Von der Sterbebegleiterin zur Leihoma

Menschen / 11.10.2023 • 18:31 Uhr
Die Leihoma hat viel Spaß mit ihren Schützlingen Sophia und Julian. Stiplovsek
Die Leihoma hat viel Spaß mit ihren Schützlingen Sophia und Julian. Stiplovsek

Susanne Jägel engagiert sich seit ihrer Jugend für andere Menschen. Derzeit ist sie mit Leib und Seele Leihoma.
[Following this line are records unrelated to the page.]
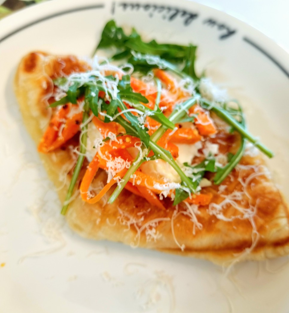 Gently remove the perfectly cooked croissant waffle from the maker. While it’s still warm, add a dollop of creamy cheese spread on top. Then, add a generous portion of your pre-made carrot slaw.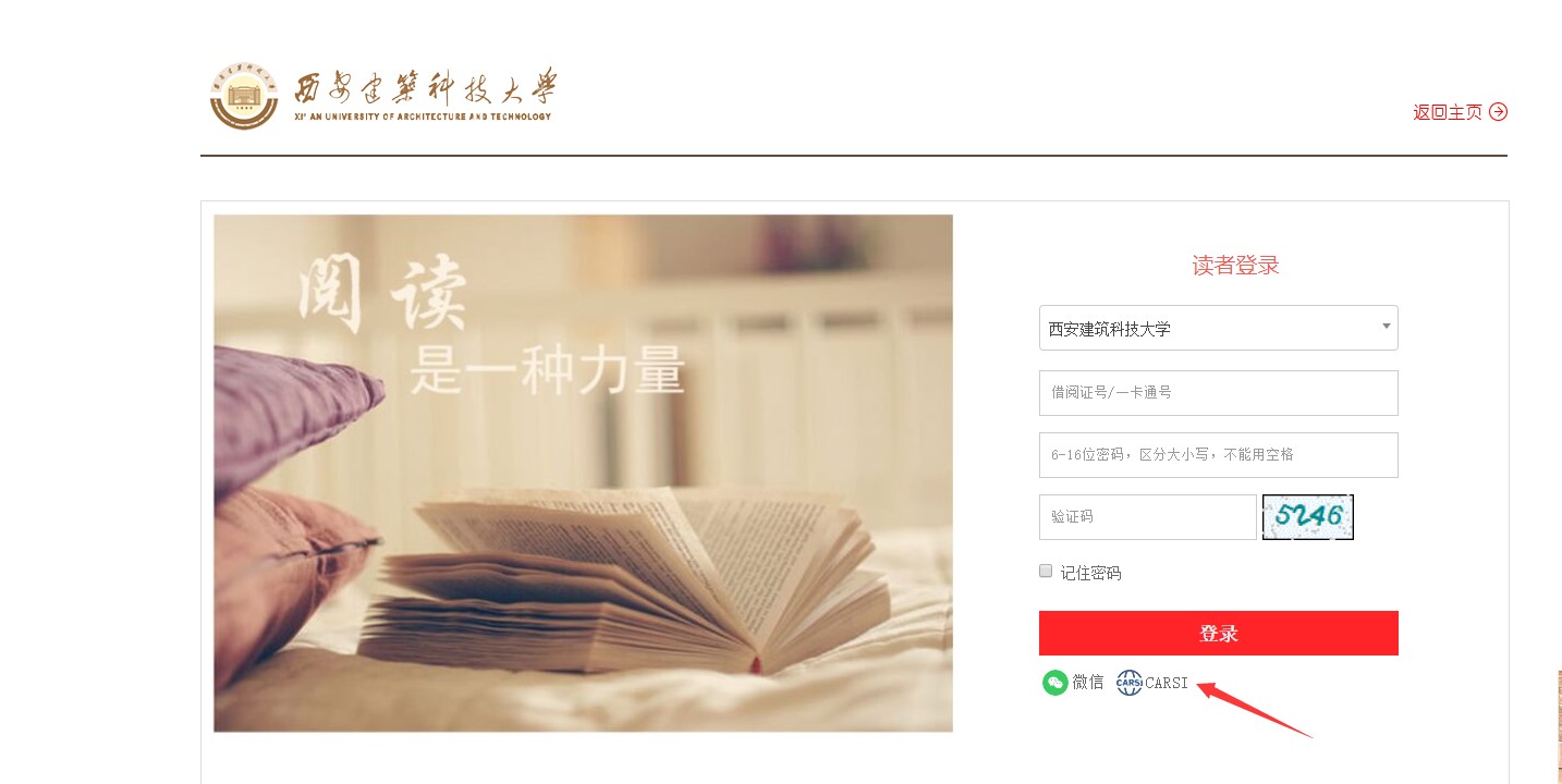 第四步:在我校统一身份认证界面输入用户名和密码。(用户名为工号/学号,【注意】初始密码为本人身份证后六位。)登录成功即可实现《畅想之星电子书》的CARSI远程访问。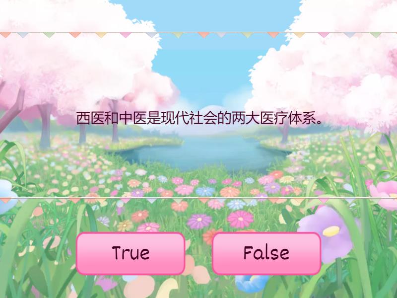 True: 西医和中医是现代社会的两大医疗体系。, 治疗慢性病,中医可能比西医效果好。, 中医认为:人生病的原因是身体的阴阳失衡。, 中医理论的两个基本模型是:“阴阳” 和“五行”。, 属阴的脏器包括:肝、心、脾、肺、肾, 属阳的脏器包括:胆、小肠、胃、大肠、膀胱, 西医重在治疗疾病,中医重在保持健康不生病。, 中药有一千多种草药,也有动物和矿物入药。, 每一贴中药都如一支军队,由君、臣、佐、使四种功能的药物配伍而成。, 一贴药里,只能有一种君药。, 佐药是为了防止君药引起的副作用。, 臣药从各个方面帮助君药,可以有好几种。, False: 中医看病需要用听诊器,体温表等设备。, 中医认为:肺炎的原因是身体里面有细菌或病毒。, 中医认为:阴阳分离,人就生病了。, 五行相克的顺序是:木火土金水, 西医是通过调理脏器之间的关系,来帮助身体进行自我修复的。, 中药都是植物草药。, 中药的味道都是甜的。, 中药是先用文火煮沸,再用武火慢熬。,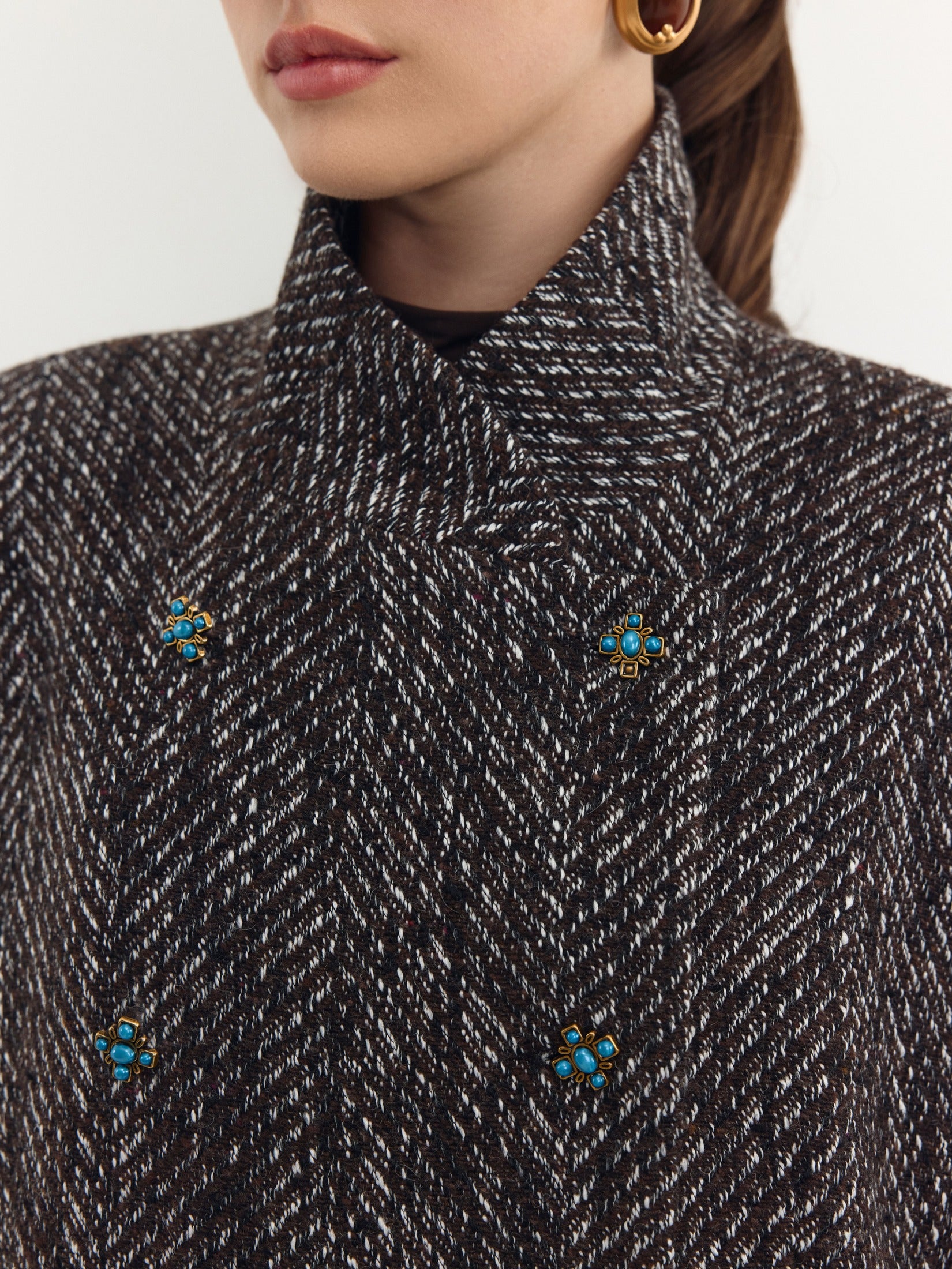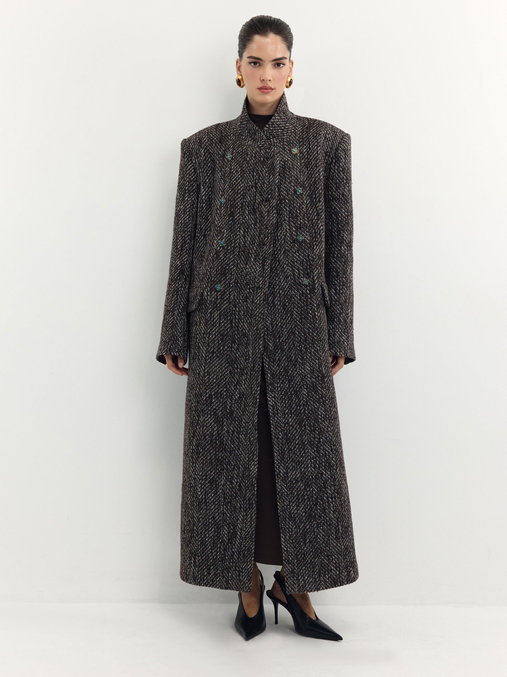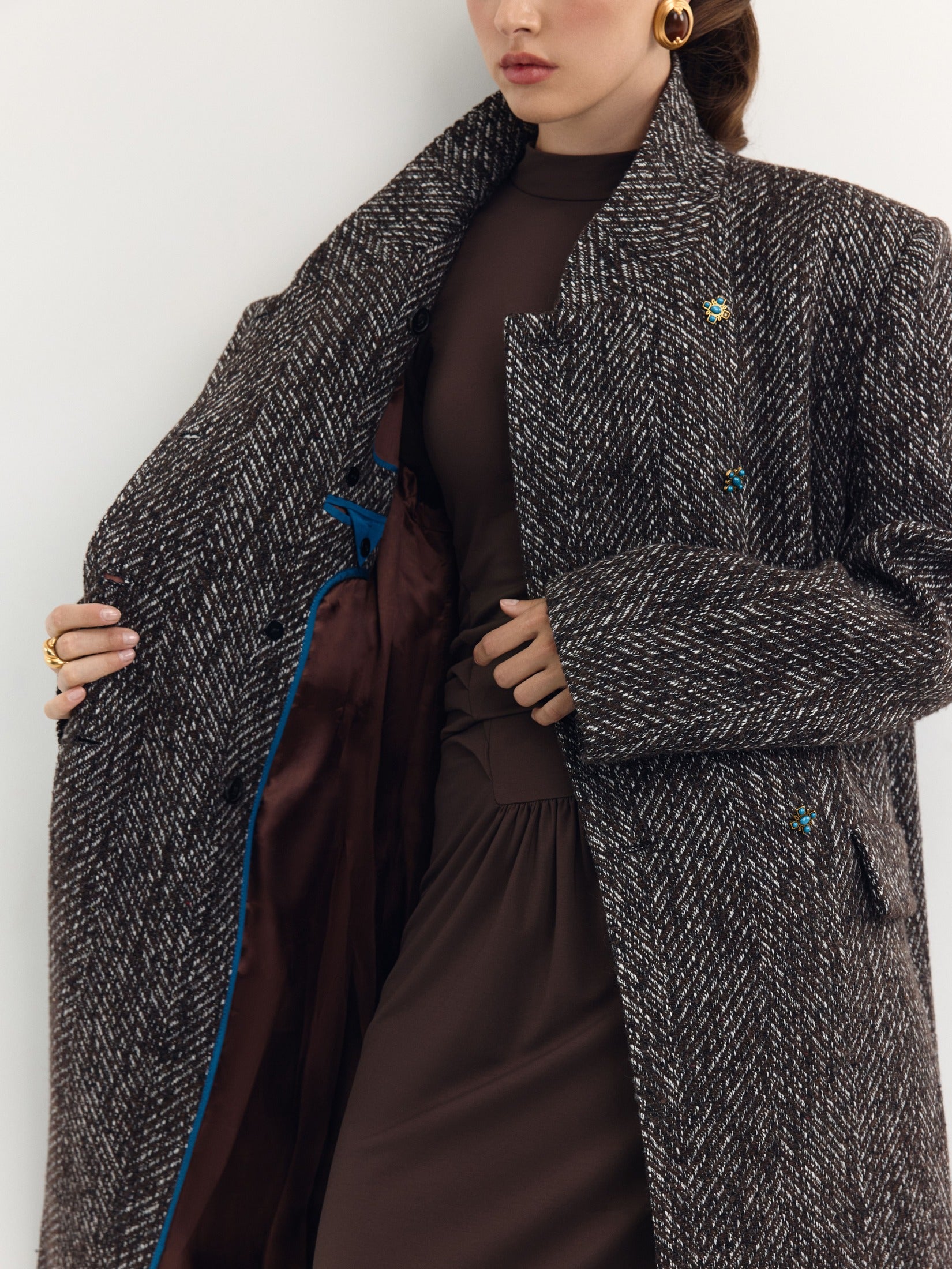 Crafted from 100% Italian wool with a distinctive herringbone pattern, the Felicita Coat showcases a deep brown hue highlighted by white accents that enhance its textured fabric. Its voluminous silhouette and defined shoulder line create a refined, graphic profile, while the stand collar offers wind protection with a snug fit. The double-breasted closure features aged gold metal buttons adorned with turquoise details. Practical slanted hip pockets with flaps complement the design. Inside, a viscose lining, stone-colored trim, and a concealed frame pocket provide thoughtful finishing touches.

Höchst Mit 22 Jahren wurde Susanne Jägel (64) zum ersten Mal Mama. Die frischgebackene Mutter, die gerade ihr Studium (Latein und Geschichte) abgeschlossen hatte, fühlte sich, als ob man sie ins kalte Wasser geworfen hätte. „Ich wusste nicht einmal, wie man Windeln wechselt. Meine Schwägerin zeigte es mir.“

Susanne war als Mutter richtig gefordert. „Aber durch meine Jugend habe ich es bewältigt.“ Vier Jahre später bekam sie abermals ein Kind. Auch dieses wuchs im Schoße der Familie Jägel auf.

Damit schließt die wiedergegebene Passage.